Day27: Simple neural network in Lasagne

Posted by csiu on March 23, 2017 | with: 100daysofcode, Machine Learning, Kaggle

Today I made my first neural network using the Lasagne & Theano framework. The data I am working with comes from the Kaggle Digit Recognizer competition where the goal is handwriting recognition with the famous MNIST data.

Architecture

  • 1 input layer: 784 nodes (one node for each input feature)
  • 1 hidden layer: 397 nodes (mean of 784 and 10)
  • 1 output layer: 10 nodes (one for each output class)
  • “activation” ie. nonlinearity using sigmoid and softmax
  • weight optimization using adam (same as in scikit-learn)
  • error for optimization by categorical_crossentropy

2 modes of the script

(1) python $script -m inspect to split train.csv into a train and validation set for getting an idea of model accuracy, and

(2) python $script -m predict to train on all data in train.csv and to make predictions on test.csv.
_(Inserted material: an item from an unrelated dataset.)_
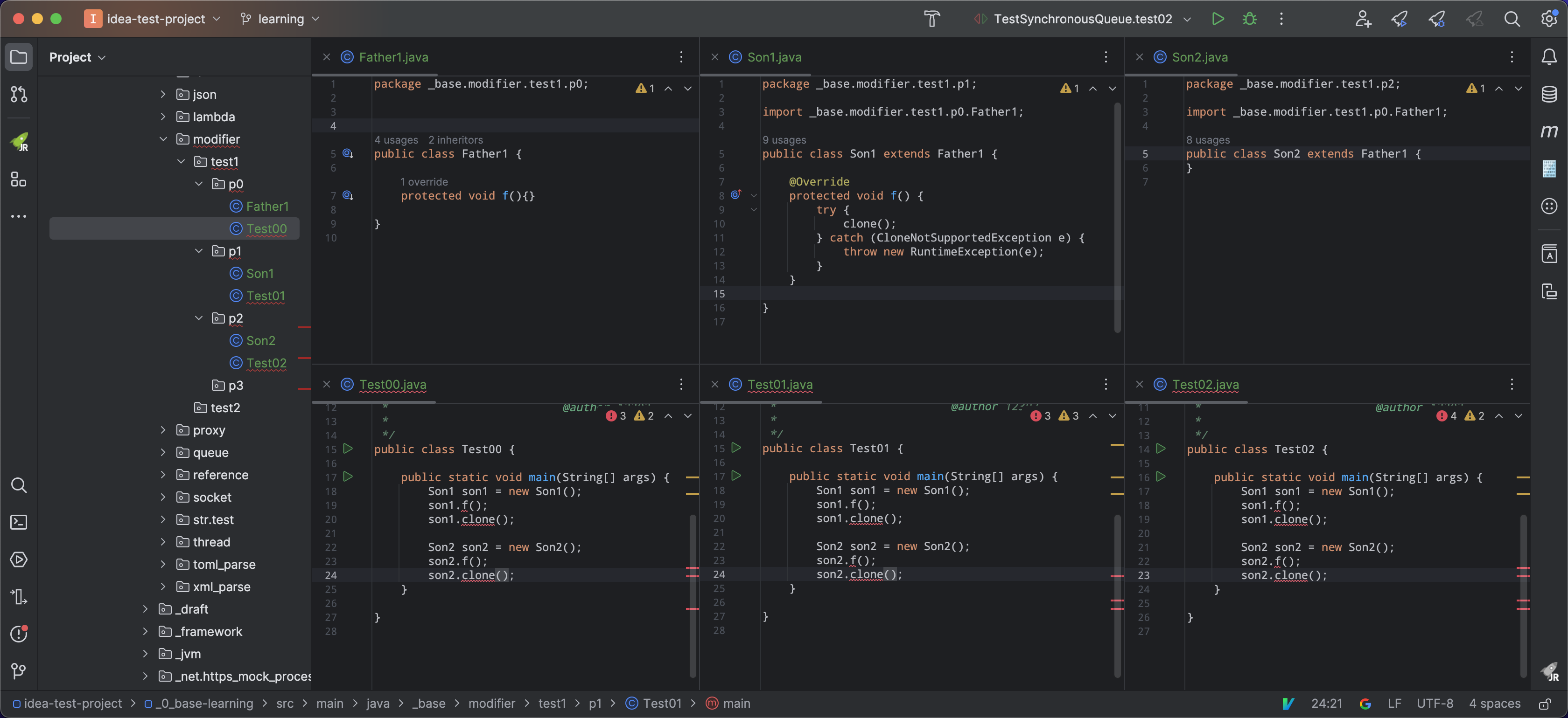 例如 case01#Test00#son2.f() 其中 son2.f() 方法继承自 Father1,定义在 p0 中。

Different activation functions

I also tried different nonlinearities in the hidden layer. The following is the prediction accuracy on the validation set:

lasagne.nonlinearities.sigmoid 0.925952380952
lasagne.nonlinearities.tanh 0.91556547619
lasagne.nonlinearities.rectify 0.915327380952
lasagne.nonlinearities.linear 0.868571428571

Using the sigmoid function for activation appears to have higher accuracy, and so was used for prediction.

Evaluation on Kaggle

Submitting the predictions to Kaggle, we get a score of 0.94629.